For us, cost of the kit was not the issue. A solution that allowed building robots faster would have been great. A solution that allowed to software engineers to modify the body would have been even better. Lego is amazing because it can be put together very quickly, is easily changed without an engineering background, and yet the design does not fall apart easily. Even if the robot ran full force into the wall upon a sensor error. That’s why we later started to work our way back in the direction of Lego, by sticking our BasicStamp, servos and sensors on top of Lego Technic bricks. Unfortunately, our main customer was not very reliable, and has gone bankrupt since, and we were forced to close our doors.

As you can imagine, that didn’t make my passion for robotics go away. When Lego announced Mindstorms NXT, I was immediately swept off my feet. Here was the Lego kit that had all the things Robonetics was working toward. For instance, we used close loop angle sensing on the servo motors to measure its actual angle. To understand this, you need to realize that normal servo’s are fed a position and then you hope they achieve this position. There is no way to know whether they actually got there. On a model airplane, when you are moving the flaps, the motors are only working against the wind and so the only concern is the power of the motor versus the power of the wind. But when you start building walking robots, obstacles blocking the legs are a real issue. That’s why it is really important to know what angle the motor actually achieved.

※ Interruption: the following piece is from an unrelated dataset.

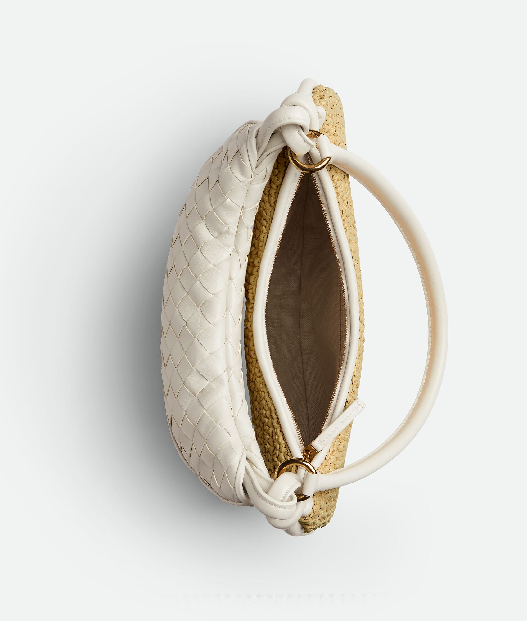• Additional half-moon zipped handle in Intrecciato leather

Close loop motors also allow servo’s to run slower. The way to achieve this to send the motor to angle 1°, then to angle 2°, and so forth, at the pace you like the motor to turn. The new Lego Mindstorms NXT has closed loop motor control right out of the box. That is really a big help when building robots. Plus, it leaves the four sensor ports wide open for real sensing.

The new Lego Mindstorms NXT also had an ultrasonic (US) range finder right out of the box. US sensors are a great thing when building robots. They are like eyes in the sense that they detect distances to obstacles, but they are very easy to process. US sensors have poor angular resolution, but with some clever mechanical/software tricks, you can make a really high resolution map of the world in front of the robot. I'll write about that sometime, maybe when I get my hands on the actual Lego sensors?

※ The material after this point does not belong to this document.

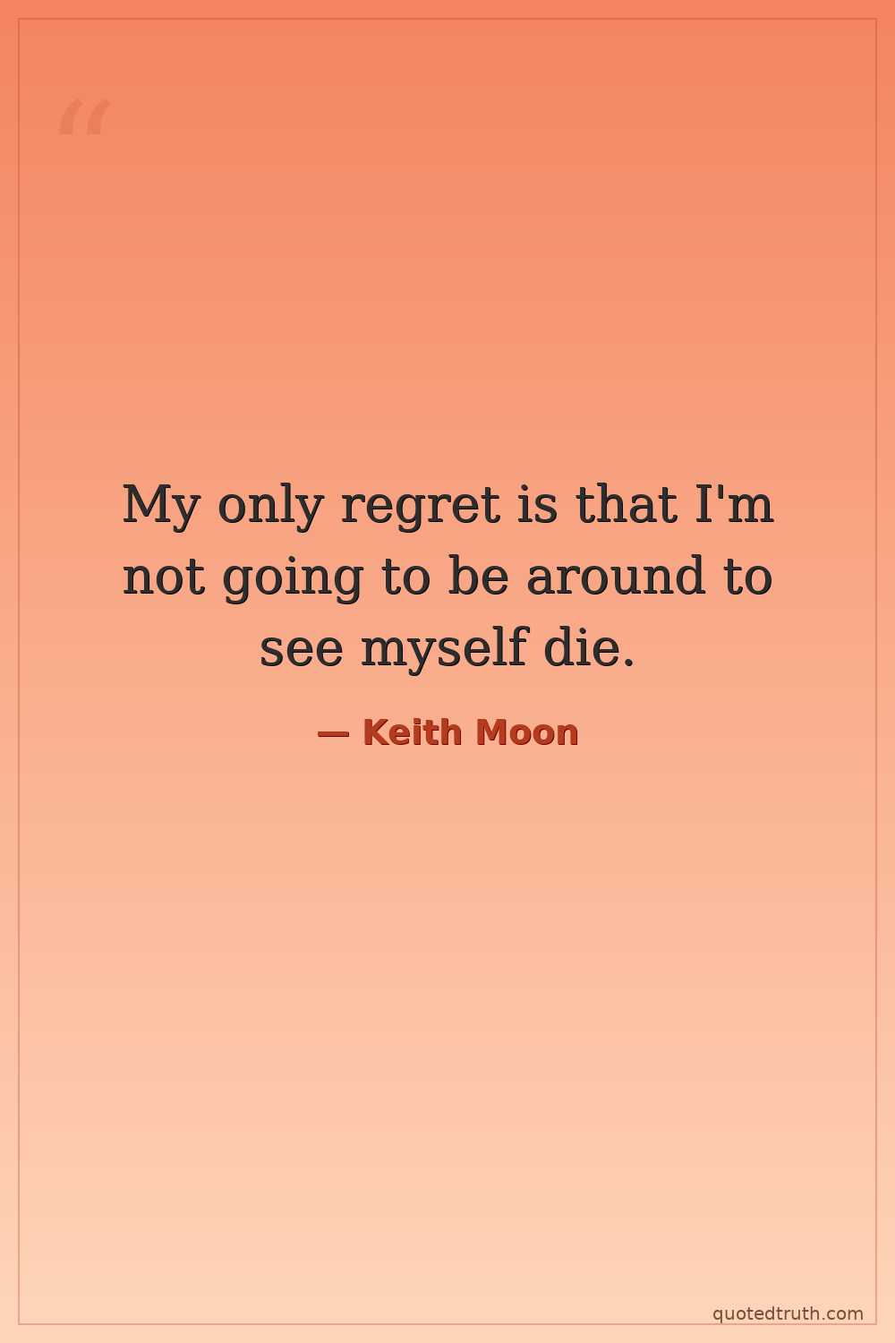 My only regret is that I'm not going to be around to see myself die.

But it’s also the little things that got me exited about Lego Mindstorms NXT. An ultrasonic range finder doesn’t work on very distances. For that, you need a light sensor. The light of the built-in LED reflects on surfaces. If there is a lot of light, then there is an obstacle, otherwise, the obstacle is further away or not there. By turning the light sensor downward, you can detect if the table “obstacle” is there. If you stop detecting the table, and you don’t want to drop off the table, you best stop or reverse the robot! The same light sensor can be used to follow a dark line on paper, because light reflects better on white paper than on the dark line. All you have to do is keep your robot where the light is not very strong.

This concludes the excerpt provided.